Executive Summary
RAG Workspace is a production-grade, multi-tenant document intelligence system that transforms dense, complex PDFs into a queryable knowledge vault. Built end-to-end in a Spring Boot + Next.js stack, the system handles everything from secure browser-to-S3 uploads through asynchronous OCR processing, local vector embedding, and a multi-stage retrieval pipeline designed from the ground up to minimize hallucination. The result is a credible, grounded Q&A experience over private document sets — with strict tenant data isolation baked into the database schema itself.
Project Overview
What It Does
RAG Workspace ingests complex technical documents (PDFs), extracts and chunks their content, embeds them into a vector store, and exposes a chat interface where users can ask precise questions and receive cited, grounded answers. It is not a wrapper around a public LLM API — it is a full retrieval-augmented generation system with a thoughtfully engineered pipeline behind it.
Who It Serves
The system is designed for multi-tenant deployments: multiple organizations or teams each operate within an isolated partition of the same infrastructure. Each tenant's documents, embeddings, and chat history are physically separated at the database level — not just filtered by a WHERE tenant_id = ? clause.
The Problem It Solves
Using off-the-shelf LLMs directly against document corpora leads to hallucination, vague citations, and cross-contamination in shared environments. RAG Workspace addresses all three:
- Hallucination is reduced via multi-stage LLM grading and reranking before synthesis.

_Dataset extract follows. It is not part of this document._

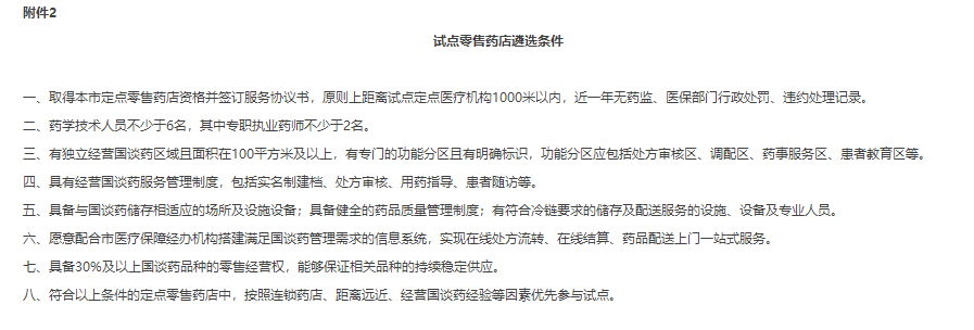 2.试点零售药店遴选条件

- Citation quality is enforced by grounding every answer in retrieved, verifiable chunks.
- Data isolation is enforced structurally via PostgreSQL table inheritance.
My Role
I designed and built the entire system — architecture, backend, frontend, infrastructure wiring, and the RAG pipeline — independently. Every architectural decision described here was mine to make and justify.
Architecture & System Design
The system follows a modular monolith pattern for the Spring Boot backend with event-driven extensions for the heavy processing workloads. The Next.js frontend operates as a thin workspace layer, delegating all business logic to the backend.
High-Level Architecture
Document Ingestion Pipeline
Multi-Stage RAG Pipeline
Key Technical Decisions
ADR-1: Direct-to-S3 Uploads
Decision: Clients upload files directly to S3 using a pre-signed URL rather than routing through the Spring Boot server.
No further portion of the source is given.